> **EXERCISE DATA**
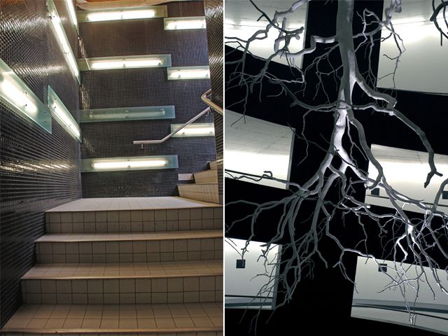 A l’intérieur, la lisibilité des volumes est accentuée par la dissimulation des éléments techniques et l’absence d’obstacles au sol, apportant confort visuel et de conduite. L’espace est animé d’une unique rangée de piliers dont les profils reflètent la lumière tout en réduisant l’emprise au sol à son minimum. Les rampes cylindriques bénéficient également d’un dessin soigné. Au centre de l’une d’elle, un arbre suspendu à l’envers, oeuvre de l’artiste Daniel Schlaepfer, évoque la perte de repère que provoque l’absence de lumière du jour. Le parking a obtenu la Distinction romande d’architecture en 2006.
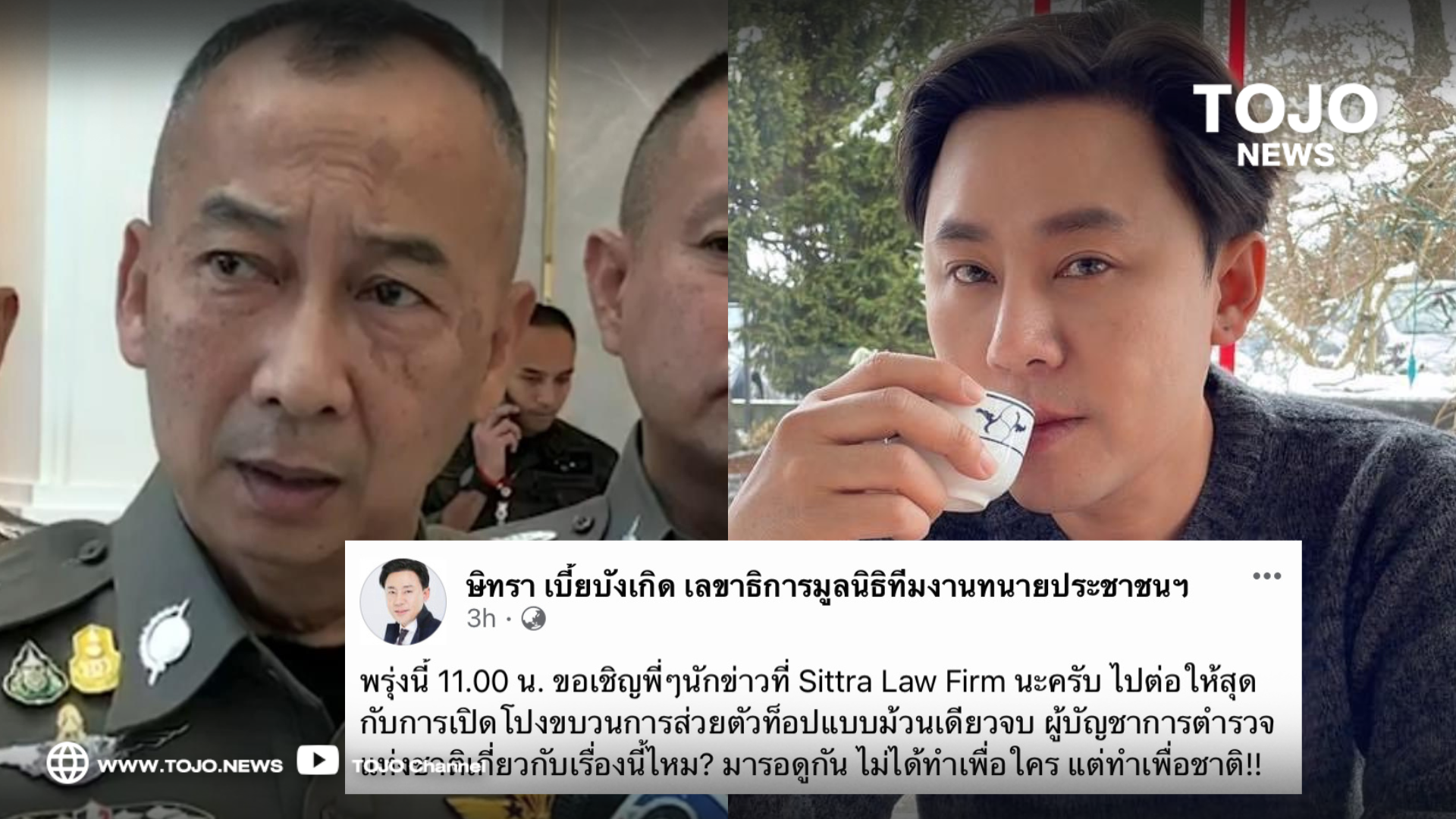 ผู้สื่อข่าวโตโจ้นิวส์รายงานว่า นายษิทรา เบี้ยบังเกิด หรือทนายตั้ม เลขาธิการมูลนิธิทีมงานทนายประชาชนฯ โพสต์ข้อความผ่านเฟซบุ๊ก ระบุว่า พรุ่งนี้ 11.00 น. ขอเชิญพี่ๆนักข่าวที่ Sittra Law Firm นะครับ ไปต่อให้สุด กับการเปิดโปงขบวนการส่วยตัวท็อปแบบม้วนเดียวจบ ผู้บัญชาการตำรวจแห่งชาติเกี่ยวกับเรื่องนี้ไหม? มารอดูกัน ไม่ได้ทำเพื่อใคร แต่ทำเพื่อชาติ!!
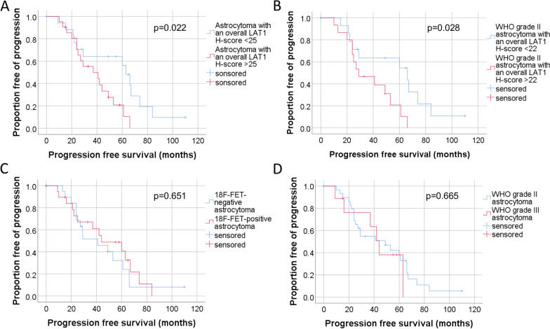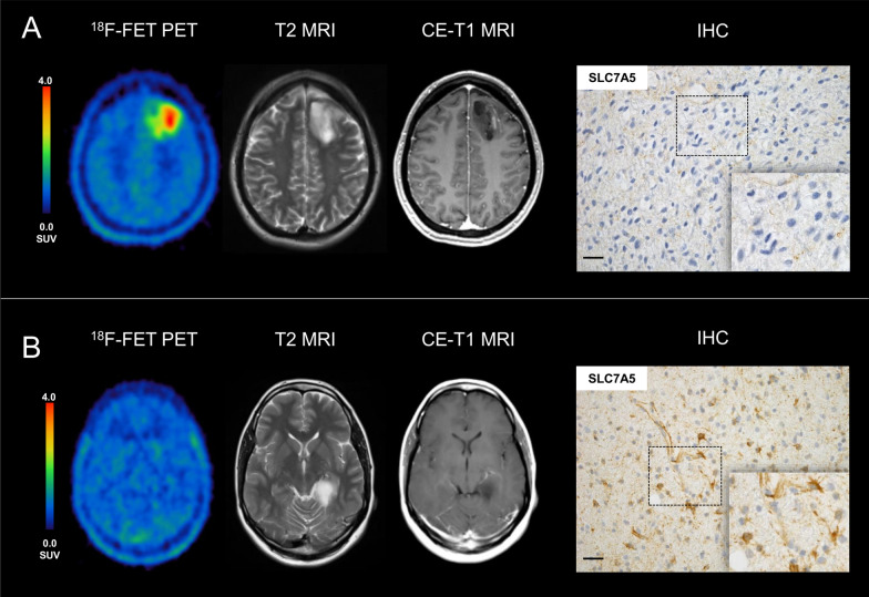 Conclusion: Although LAT1 is reported to mediate the uptake of 18F-FET into tumour cells, the levels of LAT1 expression do not correlate with the levels of 18F-FET uptake in IDH-mutant astrocytomas. In particular, the lack of tracer uptake in 18F-FET-negative gliomas cannot be explained by a reduced LAT1 expression. A higher LAT1 expression in IDH-mutant astrocytomas seems to be associated with a short PFS. Further studies regarding mechanisms influencing the uptake of 18F-FET are necessary.
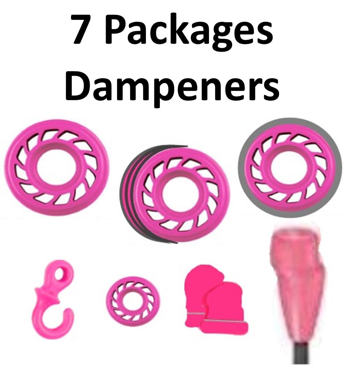 7 x Mathews Dampeners, 1-3/8" Harmonic Pink, 1-3/4" Harmonic Pink, 1-Rubber Pink/Grey Lite, 1-Monkey Tails Pink, 1-Mini Harmonic Pink, 1-String Suppressor Orange, 1-String Stop (round) Pink

> **EXERCISE INSTRUCTIONS**
Write out the whole listing exactly, and drop the pictures.

> **WRITTEN ANSWER**
 A l’intérieur, la lisibilité des volumes est accentuée par la dissimulation des éléments techniques et l’absence d’obstacles au sol, apportant confort visuel et de conduite. L’espace est animé d’une unique rangée de piliers dont les profils reflètent la lumière tout en réduisant l’emprise au sol à son minimum. Les rampes cylindriques bénéficient également d’un dessin soigné. Au centre de l’une d’elle, un arbre suspendu à l’envers, oeuvre de l’artiste Daniel Schlaepfer, évoque la perte de repère que provoque l’absence de lumière du jour. Le parking a obtenu la Distinction romande d’architecture en 2006.
 ผู้สื่อข่าวโตโจ้นิวส์รายงานว่า นายษิทรา เบี้ยบังเกิด หรือทนายตั้ม เลขาธิการมูลนิธิทีมงานทนายประชาชนฯ โพสต์ข้อความผ่านเฟซบุ๊ก ระบุว่า พรุ่งนี้ 11.00 น. ขอเชิญพี่ๆนักข่าวที่ Sittra Law Firm นะครับ ไปต่อให้สุด กับการเปิดโปงขบวนการส่วยตัวท็อปแบบม้วนเดียวจบ ผู้บัญชาการตำรวจแห่งชาติเกี่ยวกับเรื่องนี้ไหม? มารอดูกัน ไม่ได้ทำเพื่อใคร แต่ทำเพื่อชาติ!!
 Conclusion: Although LAT1 is reported to mediate the uptake of 18F-FET into tumour cells, the levels of LAT1 expression do not correlate with the levels of 18F-FET uptake in IDH-mutant astrocytomas. In particular, the lack of tracer uptake in 18F-FET-negative gliomas cannot be explained by a reduced LAT1 expression. A higher LAT1 expression in IDH-mutant astrocytomas seems to be associated with a short PFS. Further studies regarding mechanisms influencing the uptake of 18F-FET are necessary.
 7 x Mathews Dampeners, 1-3/8" Harmonic Pink, 1-3/4" Harmonic Pink, 1-Rubber Pink/Grey Lite, 1-Monkey Tails Pink, 1-Mini Harmonic Pink, 1-String Suppressor Orange, 1-String Stop (round) Pink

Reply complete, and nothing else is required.